The remote peer's OpenClaw agent can later refine settings by running claw-clan setup.

Script Update (Reinstall) Details

When state.json already exists, claw-remote-install.sh will:

•Push latest scripts and skills (overwriting old versions)
•Restart mDNS registration
•Ensure cron is installed
•Preserve existing state.json and config.json

Sync Skills from GitHub

After recovery, sync shared skills:

bash

~/.openclaw/claw-clan/scripts/claw-sync-skills.sh <gateway-id>

Or sync to all online peers:

bash

~/.openclaw/claw-clan/scripts/claw-sync-skills.sh all

Switch to PostgreSQL Backend

Switch storage from JSON to PostgreSQL at any time.

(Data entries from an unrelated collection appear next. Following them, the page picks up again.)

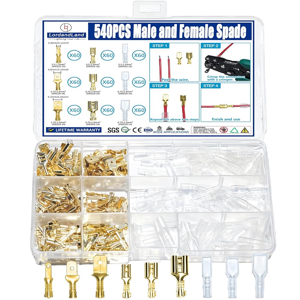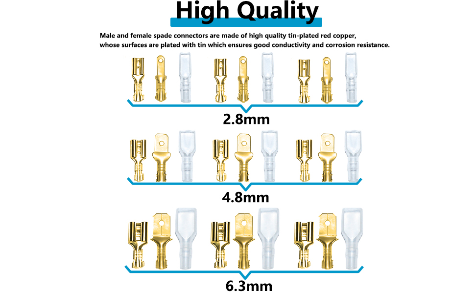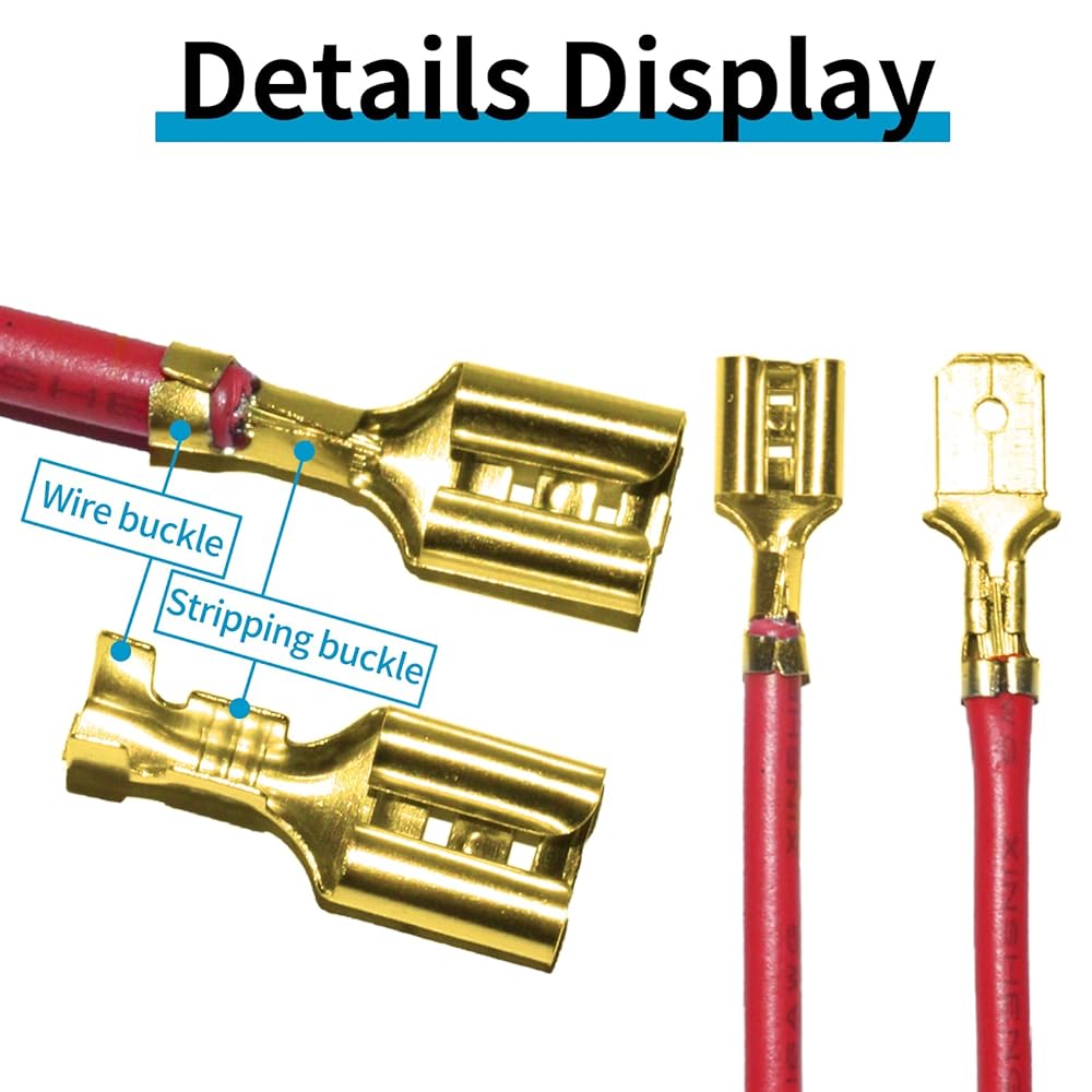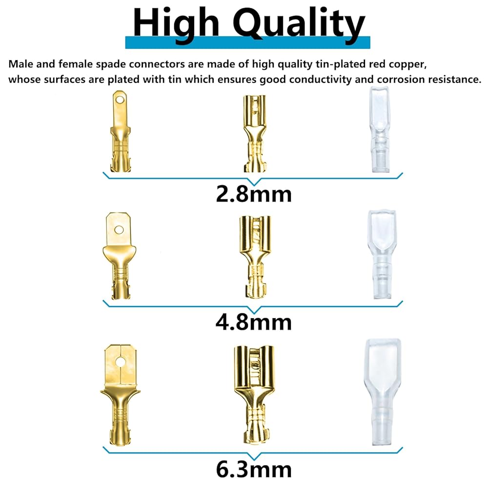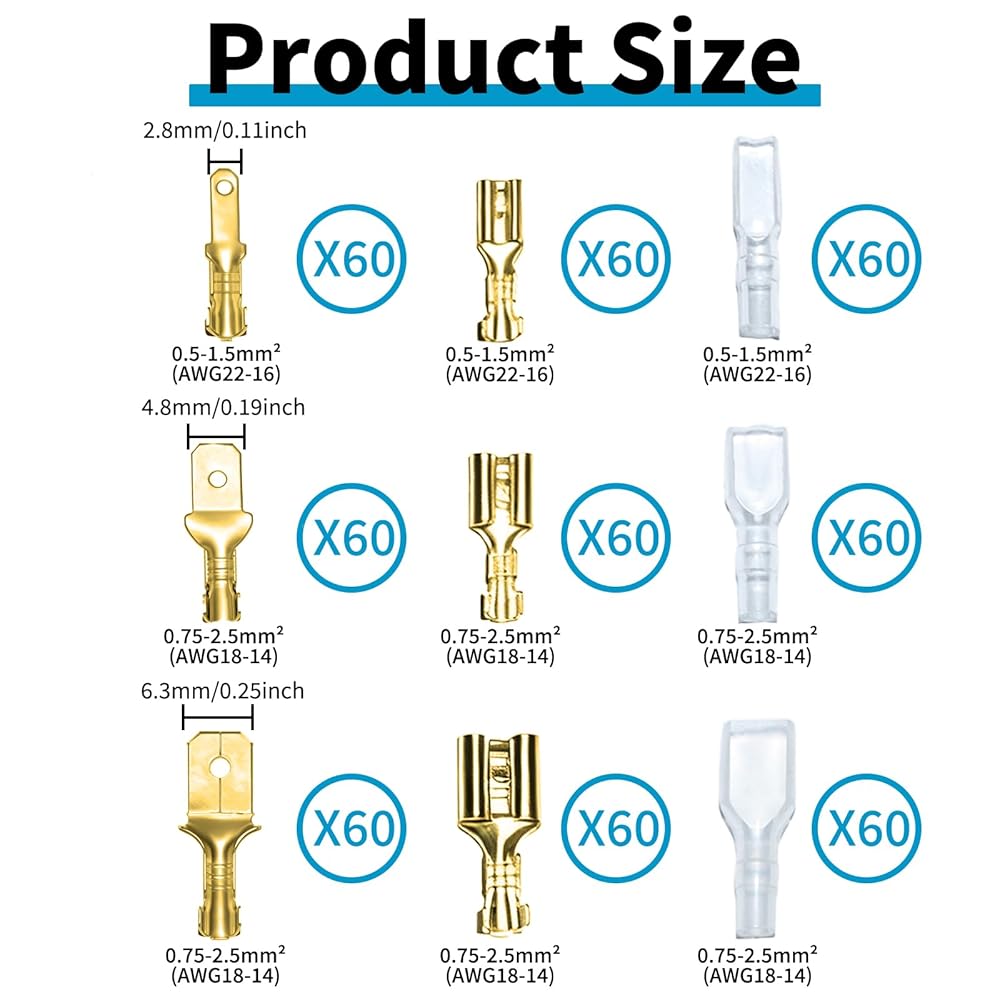 اختر من بين ثلاثة أحجام سهلة الاستخدام (2.8 مم، 4.8 مم، 6.3 مم): تناسب موصلات المجرف الذكور والإناث سلك قياس 22-14، مما يجعلها مثالية لكل شيء بدءًا من إصلاحات السيارات وحتى إعدادات الصوت المنزلية. مهما كانت احتياجاتك من الأسلاك، يوجد هنا الحجم المناسب لهذه المهمة.
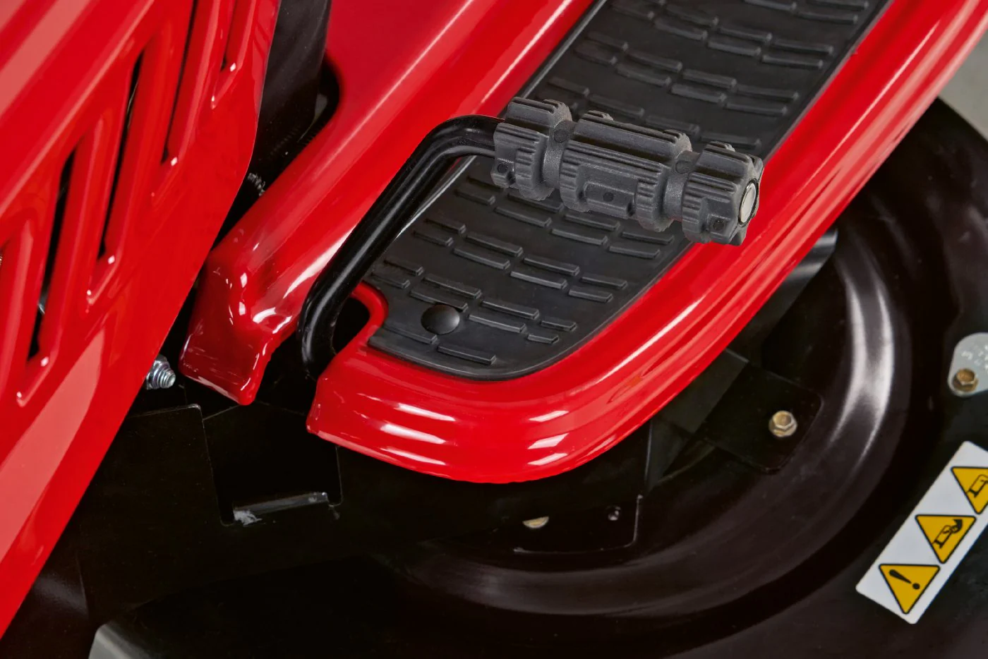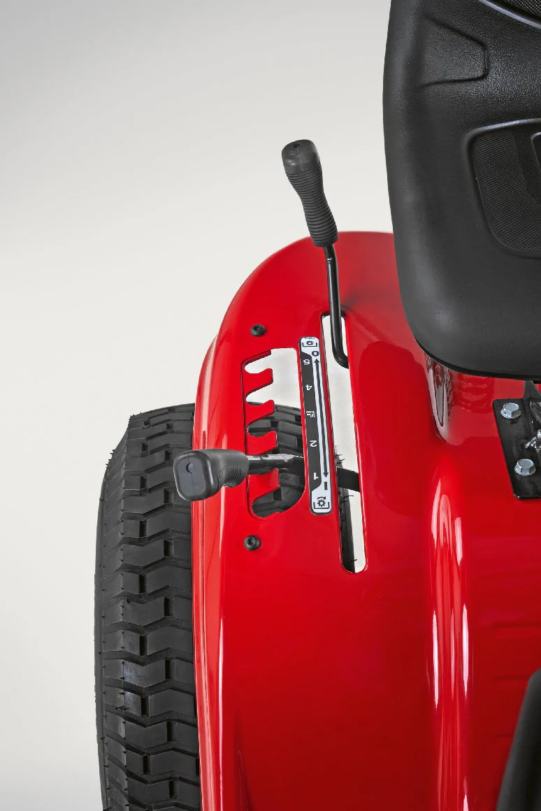 The cutting height is adjustable via a lever with five positions, ranging from approx. 30 mm to 95 mm, letting you tailor how short or long you want your lawn. The turning radius is tight for a machine of this size (around 46 cm in many specs), making it more manoeuvrable than you might expect among larger tractors.
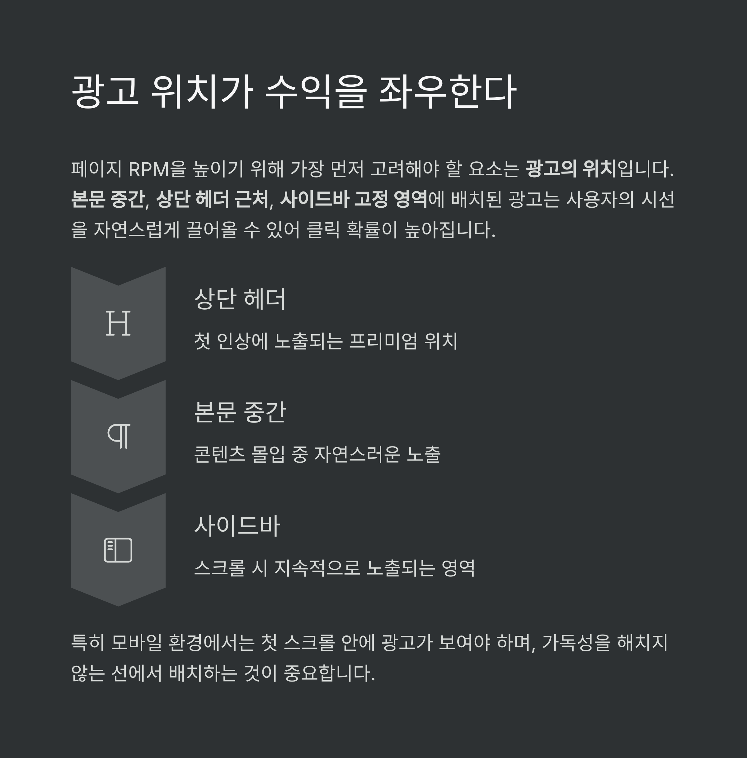 페이지 RPM을 높이기 위해 가장 먼저 고려해야 할 요소는 광고의 위치입니다.
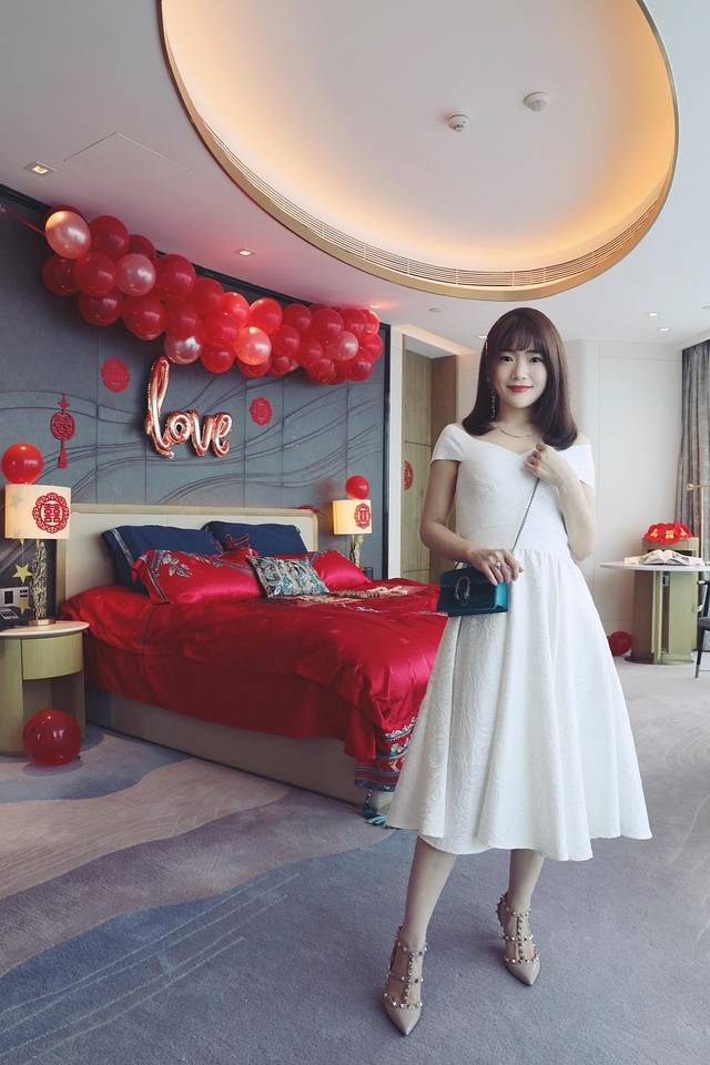 上午是接亲环节,和寻常的婚礼接亲流程一样,婚房是位于酒店52层的豪华套房,161㎡,空间相当宽敞,容纳我们庞大的接亲队伍完全不成问题。
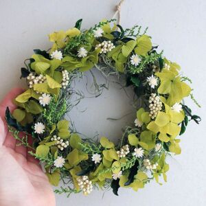 ※つる製のベースにお花やグリーンをひとつずつつけて手作りしていますので、形や大きさ、色に個性があります。
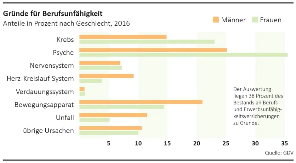 Dabei haben sich die Ursachen für eine Berufsunfähigkeit in den vergangenen Jahren deutlich gewandelt. So waren es früher vor allem körperlich arbeitende Arbeitnehmer, die krankheitsbedingt vor der Rente aus ihrem Job aussteigen mussten. Heutzutage sind laut dem Gesamtverband der Deutschen Versicherungswirtschaft (GDV) die Hauptursachen für eine Berufsunfähigkeit psychische Erkrankungen (siehe Grafik unten), gefolgt von Krebs sowie Erkrankungen des Skelett- und Bewegungsapparats. Unfälle kommen im Übrigen erst an vierter Stelle als Ursache für eine Berufsunfähigkeit.
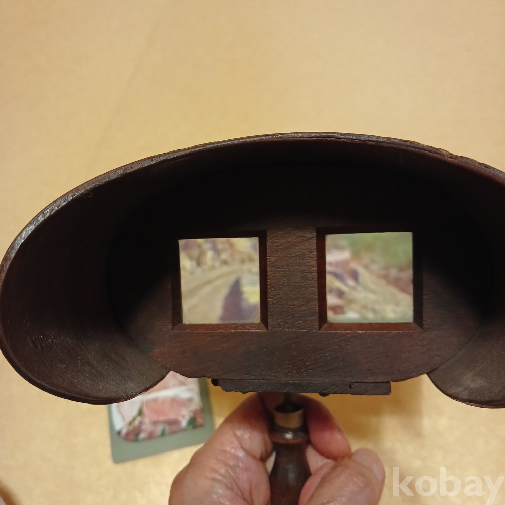 사진을 꽂아 앞뒤로 움직여 핀을 맞추면 입체로 보입니다ㆍ 초기 뷰입니다 상태 아주좋으며 사진은 풍경사진 2장있습니다
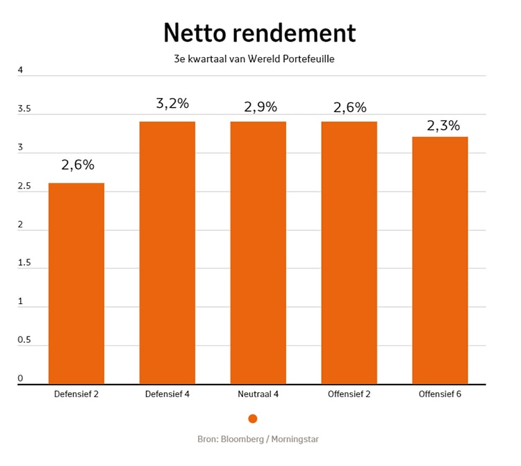 De goudprijs behaalde een recordhoogte. Hiervan profiteerden de modelportefeuilles. In het derde kwartaal behaalden alle modelportefeuilles weer een positief resultaat. Het rendement van modelportefeuille Neutraal 4 kwam het afgelopen kwartaal uit op 2,9%. Deze portefeuille heeft een standaardweging van 50% obligaties en 50% aandelen.
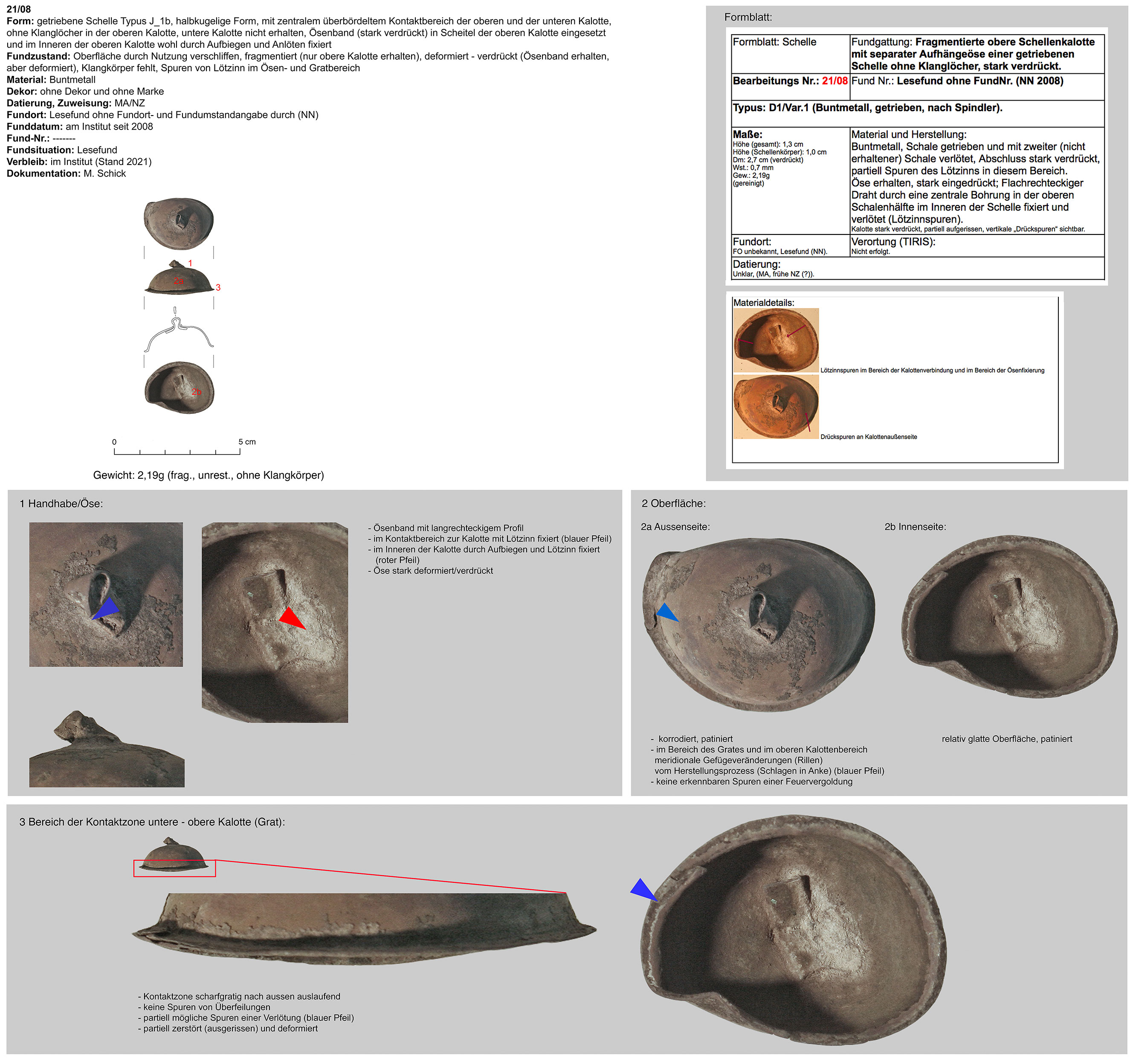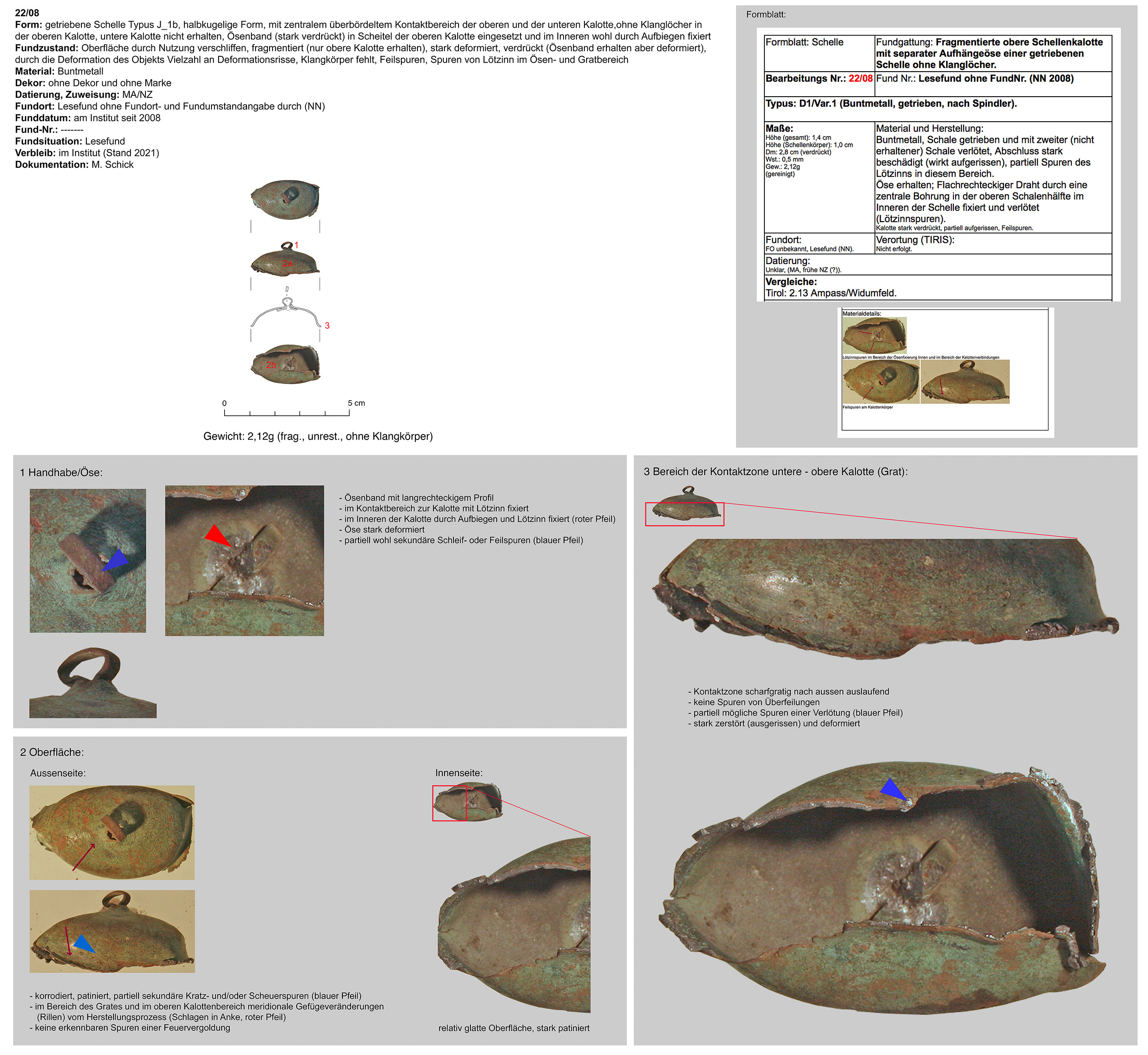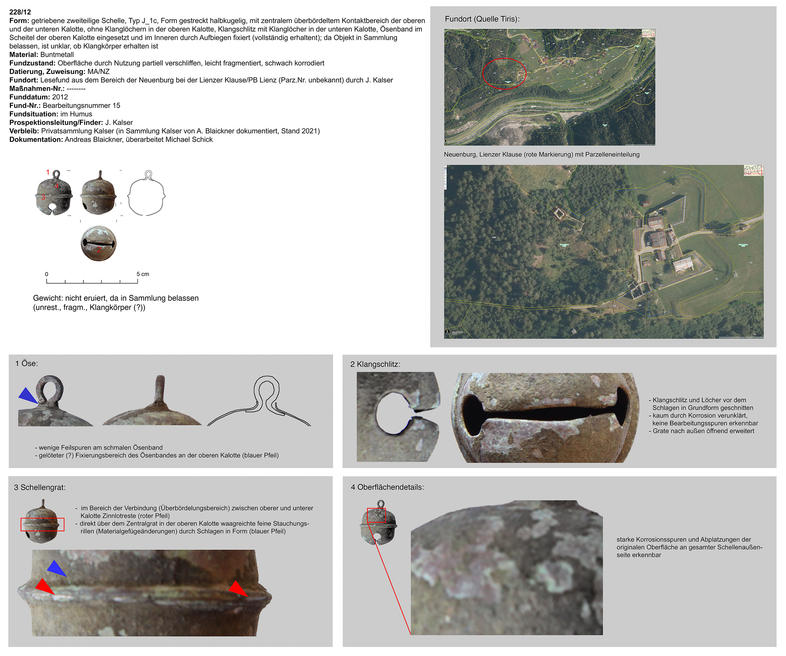 | 214/12 | zweiteilig (2 Kalotten), halbkugelig, zentraler Bereich überbördelt (verzinnt?), Verbindungsbereich abgerundet | rund, Eisen | Grobbichl, Thaur (H. Stadler) | Mittellage/Humus (Prospektionsfund) | Marke „Hufeisen“ oder „Omega“ neben Klangschlitz in unterer Kalotte (vom Klangschlitz weggedreht) |
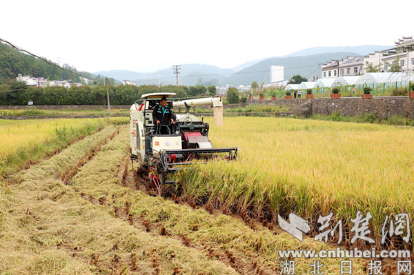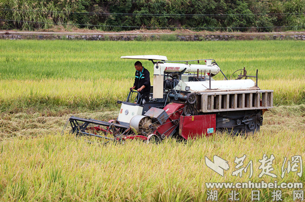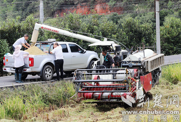 荊楚網(湖北日報網)訊(通訊員 王駕馭)又是一年豐收季,風吹稻浪稻穗香。9月19日,十堰市竹山縣擂鼓鎮護駕村省級農作物新品種展示示范評價基地水稻正在收割,收割機在整齊的稻田里來回穿梭,留下一條條整齊的行道,金黃的水稻被收割機吞進“肚子”,伴隨轟隆聲,水稻的梗和葉子被粉碎,均勻的鋪在田地里。兩個來回過后,收割機便滿載而歸,在路旁等待的運谷車從出糧口接過稻谷,金燦燦的谷粒壘成了小山。

Option A: Use existing PostgreSQL

bash

# Update config
jq '.backend = "postgres" | .postgres.host = "<host>" | .postgres.port = <port> | .postgres.database = "<db>" | .postgres.user = "<user>" | .postgres.password = "<pass>"' \
  ~/.openclaw/claw-clan/config.json > /tmp/config.json && mv /tmp/config.json ~/.openclaw/claw-clan/config.json

# Run migrations
psql -h <host> -p <port> -U <user> -d <db> -f ~/.openclaw/claw-clan/migrations/001-initial-schema.sql

Option B: Deploy new PostgreSQL via Docker

bash

docker run -d \
  --name claw-clan-postgres \
  --restart unless-stopped \
  -e POSTGRES_DB=claw_clan \
  -e POSTGRES_USER=claw \
  -e POSTGRES_PASSWORD="$(openssl rand -base64 32)" \
  -p 5432:5432 \
  -v claw-clan-pgdata:/var/lib/postgresql/data \
  postgres:17-alpine

# Capture connection info
echo "Host: $(hostname -I | awk '{print $1}')"
echo "Port: 5432"
echo "Database: claw_clan"
echo "User: claw"
echo "Password: <generated above>"

Option C: Deploy via Portainer

Use the Portainer API to create a stack. See reference: references/postgres-setup.md.

After deployment:

•Display DB connection info to user for safekeeping
•Distribute config to all online agents via SSH
•Save to claw-afterlife state for recovery

Cron Job Management

List all claw-clan cron entries:

bash

crontab -l 2>/dev/null | grep 'claw-clan'

Remove all claw-clan cron entries:

bash

crontab -l 2>/dev/null | grep -v 'claw-clan' | crontab -

Remove monitoring cron for a specific peer:

bash

crontab -l 2>/dev/null | grep -v "claw-monitor.sh <gateway-id>" | crontab -